The party that would be most affected is Deutsche Bahn (DB), the state-owned railway company that is also the country's market leader in rail traffic. In order to implement the ban on alcohol in Hamburg's commuter railway system, the company has had to hire 50 additional security personnel and spend an estimated €1.5 million ($2 million) a year. Were the company required to do the same thing across Germany, internal calculations put the annual costs at over €100 million.

Even less appealing to the company are thoughts about how the ban could be extended to apply to all trains and railway stations in the country. Were that to happen, it would put the kibosh on that glass of Riesling in the dining car, bars in train stations would no longer be able to serve beer and kiosks would have to reduce their beverage offerings.

Given these circumstances, Deutsche Bahn executives are looking for a way to get around a possible ban. As the operators of alcohol-free commuter rail systems in Hamburg and Munich, they are required to at least officially back restrictive regulations. But, behind closed doors, they are looking for arguments against any follow-up efforts that could drive up their costs.

Passing the Buck

Still, most railway users would probably like to see an alcohol ban. In a telephone survey conducted in Hamburg in January, over 80 percent of passengers welcomed the new policies of Hamburg's transportation authority. One-third of them said that they had already noticed improvements, and 8 percent said they now intend to use local public transportation more often.

However, advocates of a ban have so far found little support in some other places. Berlin Interior Minister Frank Henkel, a member of the center-right Christian Democratic Union (CDU), saw his efforts to launch a similar initiative in Berlin collapse after meeting resistance among his Social Democratic counterparts (the CDU and SPD govern the city-state together in a so-called grand coalition). Likewise, Friedrich, the German interior minister, gave a tepid response to the VBB's letter, writing only that nationwide regulations were "not planned."

German Transportation Minister Peter Ramsauer and his counterparts at the state level have been similarly cagey about the issue.
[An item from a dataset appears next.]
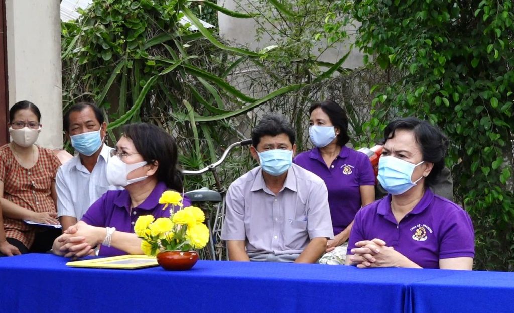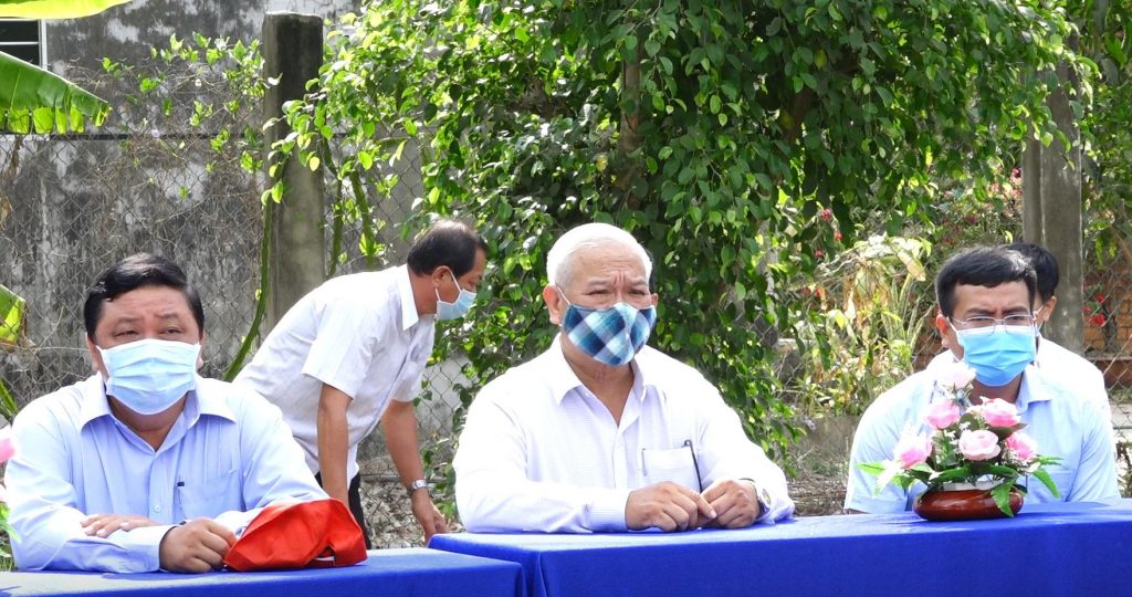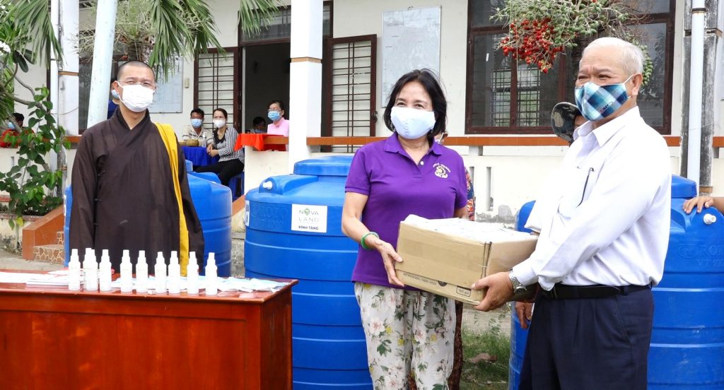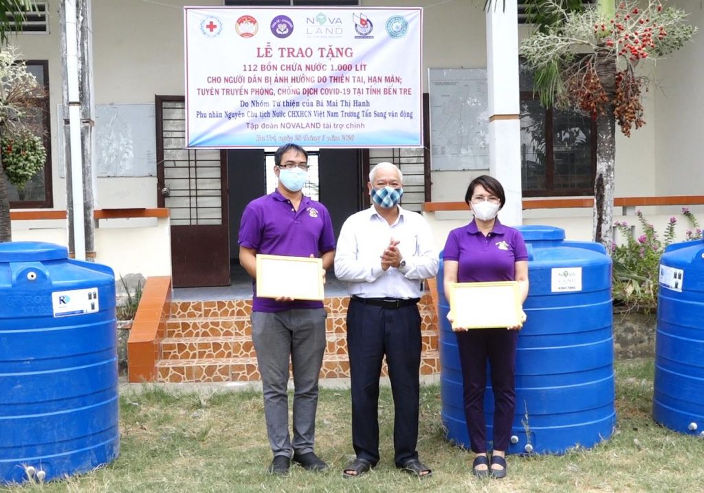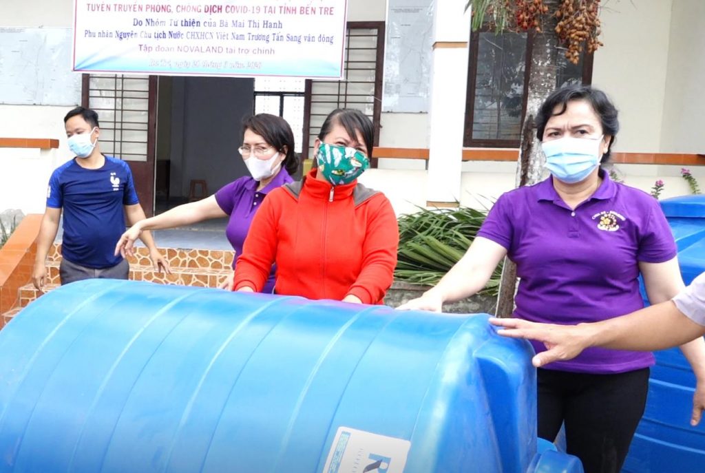 PSO - Tiếp nối sự chia sẻ đến bà con nghèo bị ảnh hưởng hạn mặn, ngày thứ ba của chuyến từ thiện, sáng ngày 28/03/2020, nhóm từ thiện ‘Chia sẻ - Sharing’ của bà Mai Thị Hạnh - Phu nhân nguyên Chủ tịch nước Trương Tấn Sang kết hợp với Thượng tọa Thích Thanh Phong - Trưởng Ban Từ thiện xã hội GHPGVN TP. HCM; Trung ương Hội chữ thập đỏ Việt Nam; Mặt trận tổ quốc Việt Nam TP.HCM; Hội nhà báo TP.HCM đã trao tặng 112 bồn nước cho bà con tại xã An Phú Trung, huyện Ba Tri, tỉnh Bến Tre bị ảnh hưởng của hạn hán, xâm nhập mặn và tặng khẩu trang góp phần tuyên truyền phòng, chống dịch Covid-19.

Granted, they have already acknowledged that a ban can have positive effects on "passengers' sense of security." Nevertheless, they dodge the issue by claiming that a nationwide ban would be "not expedient." What's more, they note that experts have yet to evaluate how the bans have fared in Hamburg and Munich.

Meanwhile, Deutsche Bahn favors another solution. Rather than having lawmakers impose a ban on alcohol, executives at the company's Berlin headquarters would prefer to see them declare that being a nuisance to one's fellow passengers is a criminal offense. Doing so would make enforcement the responsibility of the federal police force -- and hence not involve any additional costs for the company.